== Data block ==

Segment Open

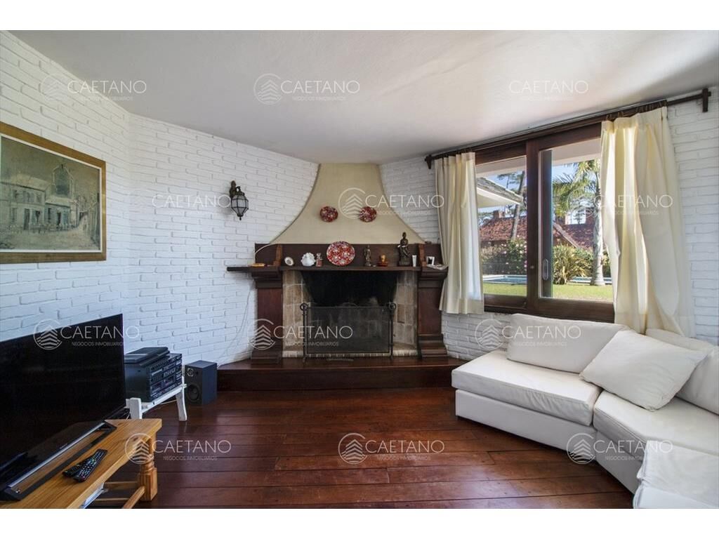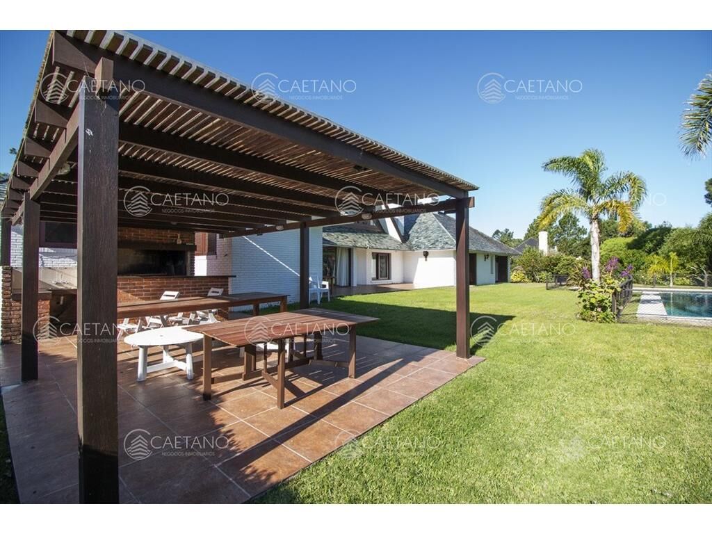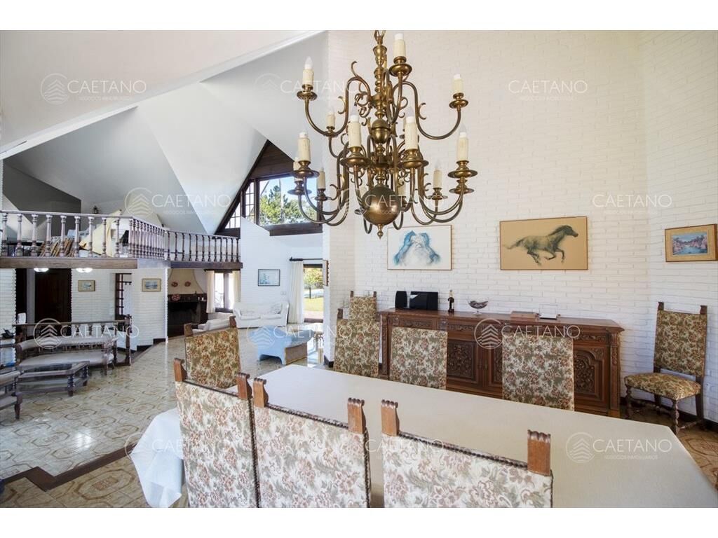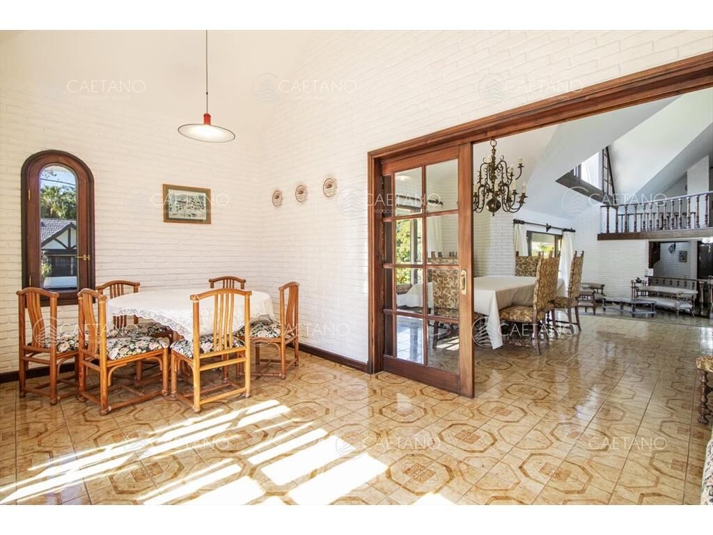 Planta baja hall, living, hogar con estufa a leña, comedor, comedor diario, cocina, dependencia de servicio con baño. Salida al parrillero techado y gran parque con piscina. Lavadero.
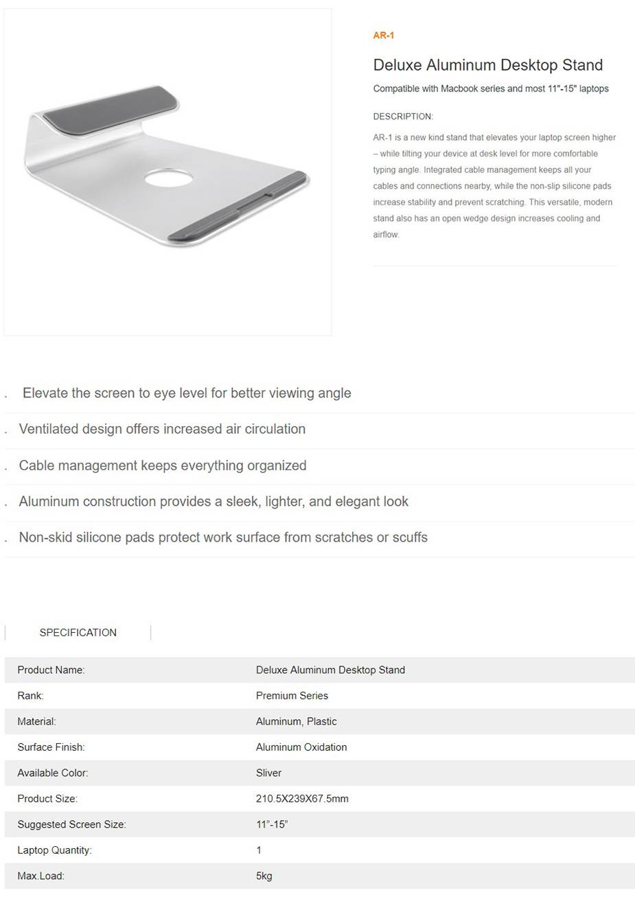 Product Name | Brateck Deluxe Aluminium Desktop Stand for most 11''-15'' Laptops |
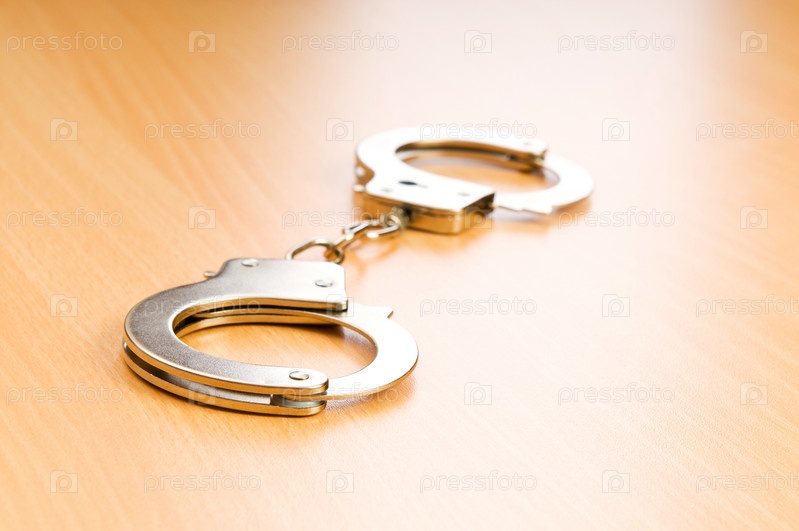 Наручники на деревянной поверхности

Segment Closed

== What to do ==
Find the line that has "Product Name |" in the listing, then retype it and each later line up to the last, exactly. Leave pictures out.

== The completed task ==
 Product Name | Brateck Deluxe Aluminium Desktop Stand for most 11''-15'' Laptops |
 Наручники на деревянной поверхности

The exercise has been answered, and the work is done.